Restart and reaload `kubelet` process using systemclt
Mark node as schedulable again
`k uncordon worker-node`
If you do `k get nodes` again now you should see that node with the new version.
`etcd` is where k8s stores both the declared and observed states of the cluster. It uses a distributed key-value store.
It is important to have a backup, in case of some issue. The backup process should happen periodically and in short time frames.
We will use the etcdctl tool to do this.:
ssh into the control pane
check you have a higher than 3.4 etcdctl version installed
Get and describe the pod etcd is running
`k get pods -n kube-system`
`k describe pod etcd-smth l-n kube-system`
Look for the value under --listen-client-urls.
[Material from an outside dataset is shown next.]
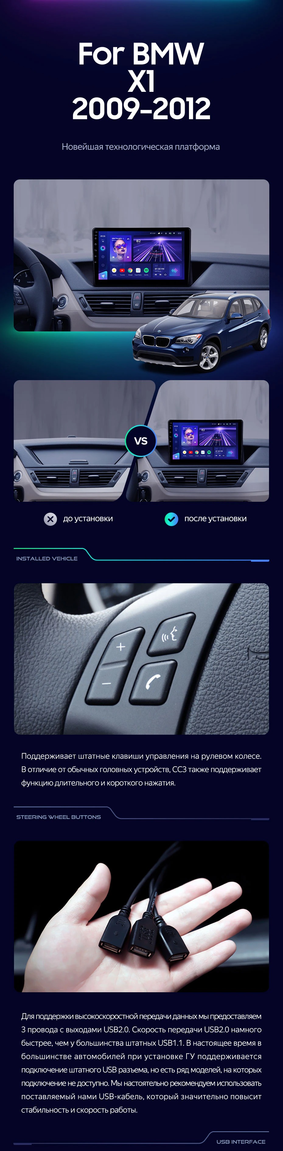 | USB | 3×USB 2.0 + USB 3.0 | Доп. аксессуары | Передняя/задняя AHD-камера, DVR-регистратор, TPMS, парковочный OBD, Type-C → HDMI |

We are going to need to the path for the server.crt, .key, and the ca.crt.
$ sudo ETCDCTL_API=3 etcdctl --cacert=--cert= --key= \ snapshot save
It would look something like this:
sudo ETCDCTL_API=3 etcdctl --cacert=/etc/kubernetes/pki/etcd/ca.crt \
--cert=/etc/kubernetes/pki/etcd/server.crt \
--key=/etc/kubernetes/pki/etcd/server.key \
snapshot save /opt/etcd-backup.db
Store the backup in a safe place
ssh into the system
run the `snapshot restore` command
sudo ETCDCTL_API=3 etcdctl --data-dir=/var/lib/from-backup snapshot restore \
/opt/etcd-backup.db
Now we need to change the etcd manifest, to point to our backup
It is mounted as a volume, with the `etcd-data` name.
These manifests are declared under /etc/kubernetes/manifests. The pod will be re-created (automatically?) pointing to the backup directory
Know how to define RBAC rules
Know how to create and manage a k8s cluster
Practice backing up and restoring etcd
Since we will have a node logs, pods logs, container logs it makes sense to think about how we will handle these streams. In a cluster, logs should have a separate storage and lifecycle independent of nodes, pods or containers. This process is called cluster-level logging.
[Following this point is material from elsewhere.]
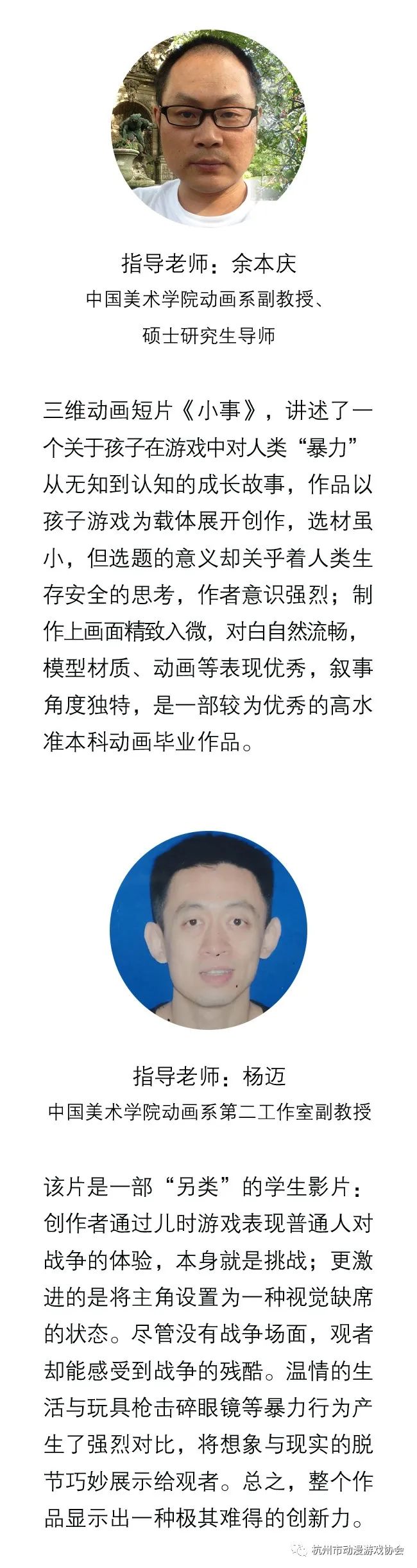 | 今年5月,中国美术学院传捷报,该院2019年毕业生创作的动画短片《小事》取得了明年奥斯卡金像奖的竞赛资格。这件作品由李泽熙和他的三位小伙伴合作,一年前,他们完成毕业创作《小事》并频获嘉奖,完结了人生中毕业的大事。一年后,作为校园骄子的他们,在市场风雨中经历了什么?让我们一起欣赏佳作、走进创作的背后。 剧情概要 一个夏日的寻常午后,几个孩子在村里玩耍。 喜欢玩枪战的他们无意间捡到一把仿真枪, 村子里一派安详宁静,小孩扔掉地瓜皮,黄狗好奇地闻了闻。 一个男孩好奇地扣下了扳机。 图片 枪声响彻林间,惊飞了技上的鸟儿。 图片 晚上,老电视里播放着战争中原子弹爆炸的纪录片。 战争的残酷和毁灭性,让孩子们看傻了。 导演创作解读

One other thing worth mentioning, log rotation, the kubelet daemon is responsible for rotating container logs and managing the logging directory structure. It tells the container runtime where to write container logs.
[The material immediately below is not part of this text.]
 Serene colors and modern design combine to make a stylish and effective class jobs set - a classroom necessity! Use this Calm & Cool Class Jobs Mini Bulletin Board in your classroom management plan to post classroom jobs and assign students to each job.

You can configure `containerLogMaxSize` (max size of file) and `containerLogMaxFiles` (how many log files can be created)
So for Cluster-Level logging we have these options:
Use a node-level logging agent
Create a DeamonSet that will act as an agent per node. It will look inside a directory where the logs are stored and push them to a logging backend.
Include dedicated sidecar container for handling logs in a pod
Push the logs directly from the app to a back-end (you have to modify the app code itself)
Creating a Pod is pretty simple, as long as the yaml is right k8s will try to create it. Nevertheless we need to verify the correct behaviour. The first thing is to verify the high-level runtime information of the Pod.
Check the resources, the deployment, the pods, check the status column. Check the number of restarts.
If the number of restarts is greater than 0, then you might want to check the logic of the liveness probe. Identify why the restart was necessary.
Here are some of the common status errors that one might come across.
ImagePullBackOff or ErrImagePull: check correct image name, check if image exists in registry, verify network access from node to registry, check auth.
CrashLoopBackOff: this means the application or command run in container crashes. Check the command executed. Make sure that the container can be created. Like run it with podman or smth
CreateContainerConfigError: the configmap or secret referenced by the container cannot be found. Double check if the objects exists in the namespace.
So a quick list on what to do:
Check status
Check events
Inspect the logs of the pod
If nothing else works, exec into a pods container, see if everything is behaving like it should
Ensure the label selector matches the assigned labels of the Pods
A really good command for checking this is the `k get endpoints` command. It will tell you which pods is your service using.
Check the type of a Service.
The default is `ClusterIP`, if so only the pods within that node can talk to the service.
Check the port mapping, meaning check that the service target port is the same as the port exposed by the pod.
The default is `ClusterIP`, if so only the pods within that node can talk to the service.